--- PROVIDED DATA Enclosed Below ---
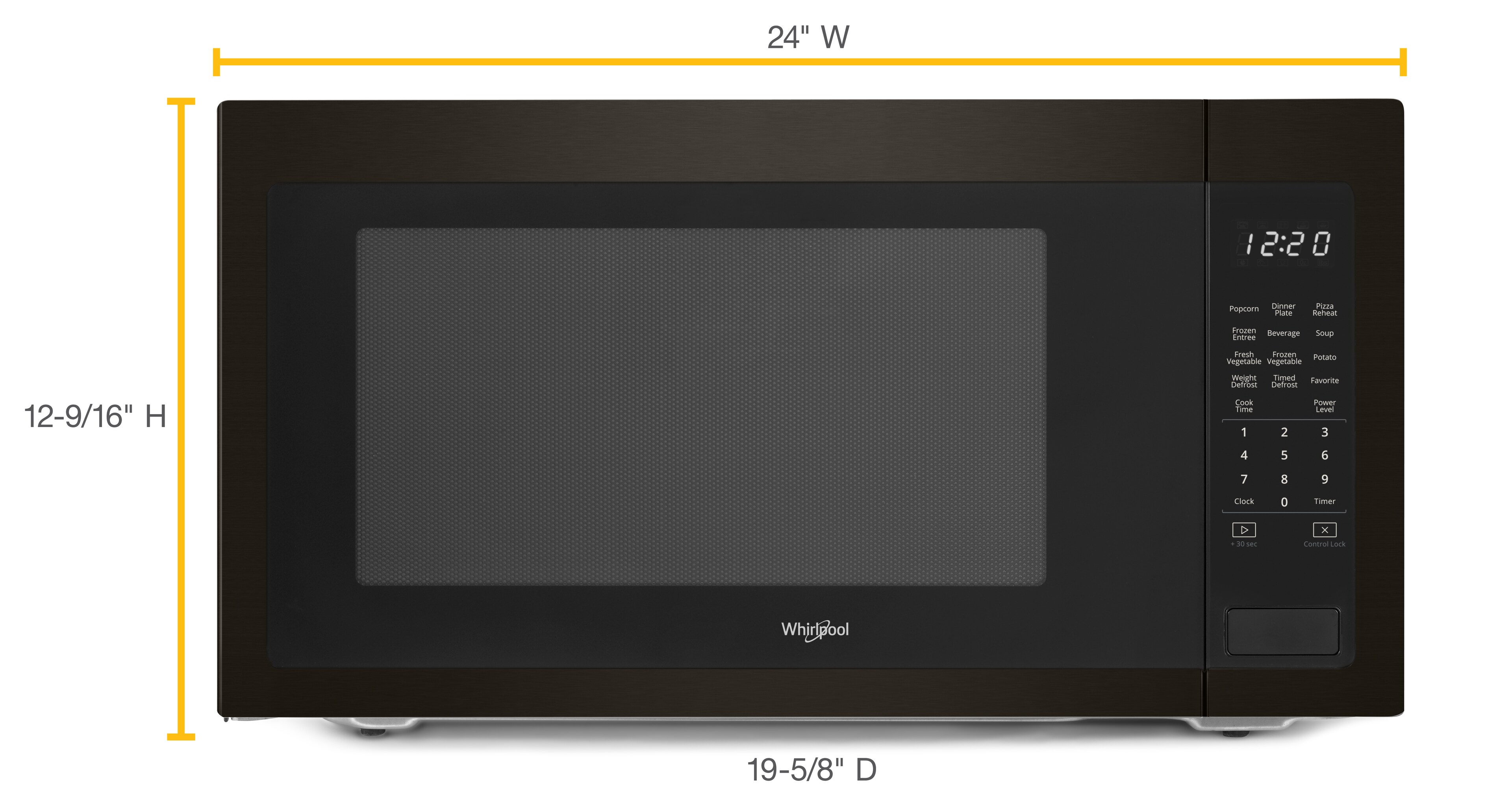 2.2 cu. ft. Countertop Microwave with 1,200-Watt Cooking PowerThis Whirlpool® countertop microwave delivers convenient features that are easy to use no matter who's doing the cooking. Fit dishes of almost any size in the 2.2 cubic feet of Whirlpool brand's largest capacity countertop microwave. Plus, sensor cooking automatically adjusts the cook time so there's no need to guess. From sidesto snacks, enjoy fitting cooking into any schedule.
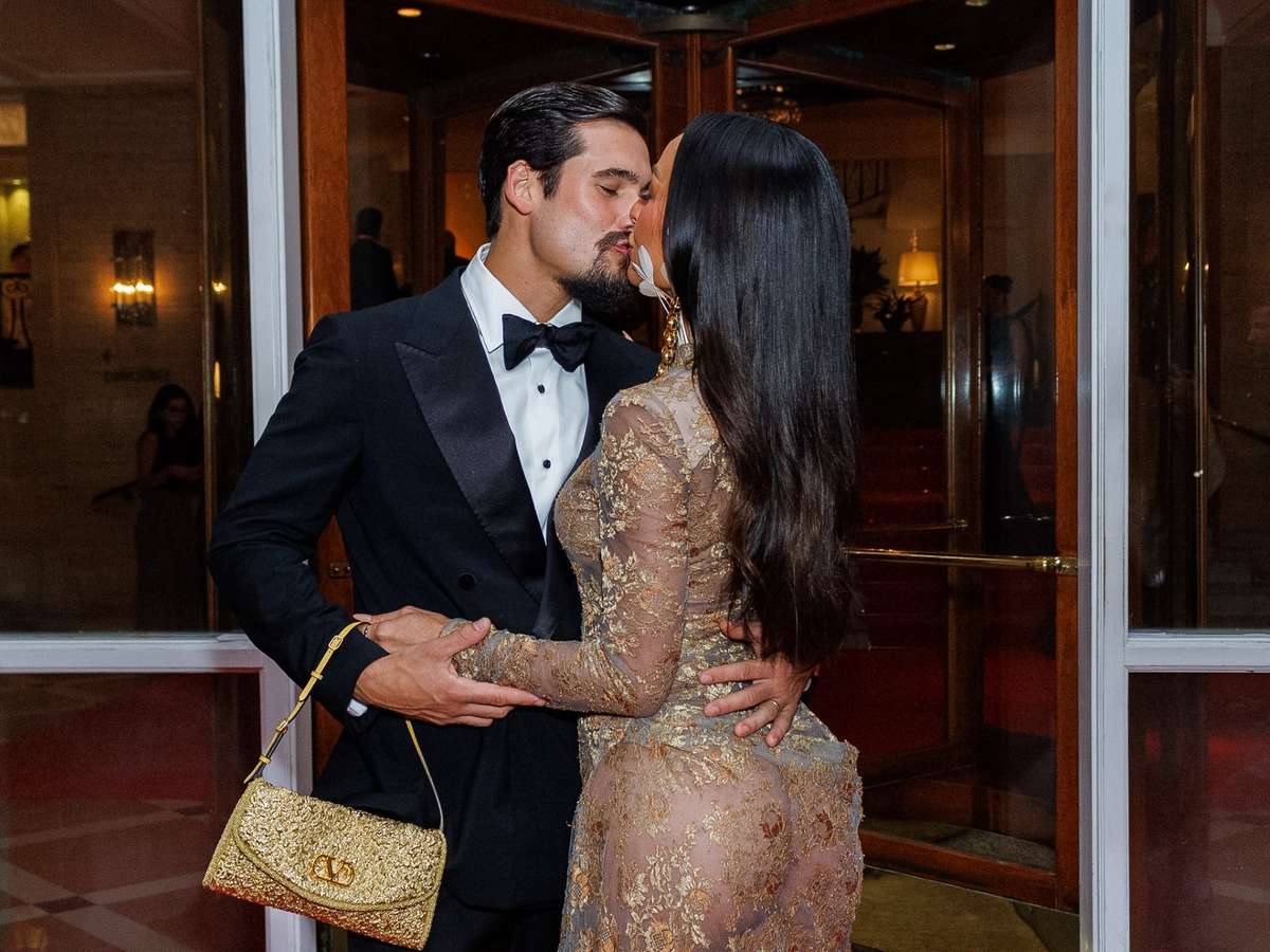 Para a ocasião, Sabrina escolheu um vestido da Valentino que equilibra sensualidade e sofisticação. O modelo longo, em renda dourada envelhecida, traz transparência na medida certa e drapeados que desenham a silhueta de forma escultural. As mangas longas e a gola alta adicionam informação de moda e um toque dramático, enquanto a textura floral reforça a delicadeza da peça.
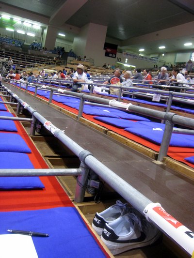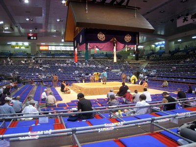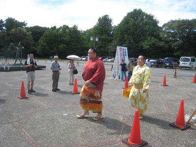 Le basho de Nagoya a ceci de particulier que sa situation géographique participe d’une ambiance unique. Bien que situé en plein cœur de la 4ᵉ ville du Japon, le gymnase a été construit au sein du parc du château de Nagoya. Après avoir longé le parc, puis franchi douve et muraille, on accède à l’entrée d’une grande esplanade. De part et d’autre les fanions multicolores des rikishis tranchent sur le ciel bleu, et au milieu de cette grande place cernée d’arbres et de « vieilles » pierres, le gymnase. Et même si le bâtiment en lui-même n’a pas d’intérêt architectural particulier, s’extraire de l’urbanité tourbillonnante de ce quartier de bureaux et d’administration pour rejoindre le lieu des combats offre au spectateur une forme de sas de décompression, qui participe de le mettre dans l’ambiance : laissons tout le reste derrière nous, maintenant place au sumo !
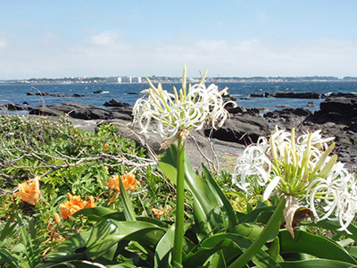夏の花のハマユウとハマカンゾウの花期はもう終わってしまいましたが、
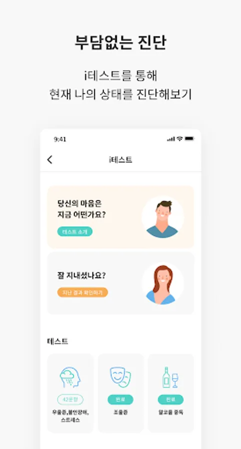 Users can easily find out what kind of problems they have through itest (self-mental health test) provided by Gidap.
--- End of Enclosed PROVIDED DATA ---
An exact copy of the entries above is required; pictures are not part of it.

_SOLUTION TO THIS EXERCISE_
 2.2 cu. ft. Countertop Microwave with 1,200-Watt Cooking PowerThis Whirlpool® countertop microwave delivers convenient features that are easy to use no matter who's doing the cooking. Fit dishes of almost any size in the 2.2 cubic feet of Whirlpool brand's largest capacity countertop microwave. Plus, sensor cooking automatically adjusts the cook time so there's no need to guess. From sidesto snacks, enjoy fitting cooking into any schedule.
 Para a ocasião, Sabrina escolheu um vestido da Valentino que equilibra sensualidade e sofisticação. O modelo longo, em renda dourada envelhecida, traz transparência na medida certa e drapeados que desenham a silhueta de forma escultural. As mangas longas e a gola alta adicionam informação de moda e um toque dramático, enquanto a textura floral reforça a delicadeza da peça.
 Le basho de Nagoya a ceci de particulier que sa situation géographique participe d’une ambiance unique. Bien que situé en plein cœur de la 4ᵉ ville du Japon, le gymnase a été construit au sein du parc du château de Nagoya. Après avoir longé le parc, puis franchi douve et muraille, on accède à l’entrée d’une grande esplanade. De part et d’autre les fanions multicolores des rikishis tranchent sur le ciel bleu, et au milieu de cette grande place cernée d’arbres et de « vieilles » pierres, le gymnase. Et même si le bâtiment en lui-même n’a pas d’intérêt architectural particulier, s’extraire de l’urbanité tourbillonnante de ce quartier de bureaux et d’administration pour rejoindre le lieu des combats offre au spectateur une forme de sas de décompression, qui participe de le mettre dans l’ambiance : laissons tout le reste derrière nous, maintenant place au sumo !
夏の花のハマユウとハマカンゾウの花期はもう終わってしまいましたが、
 Users can easily find out what kind of problems they have through itest (self-mental health test) provided by Gidap.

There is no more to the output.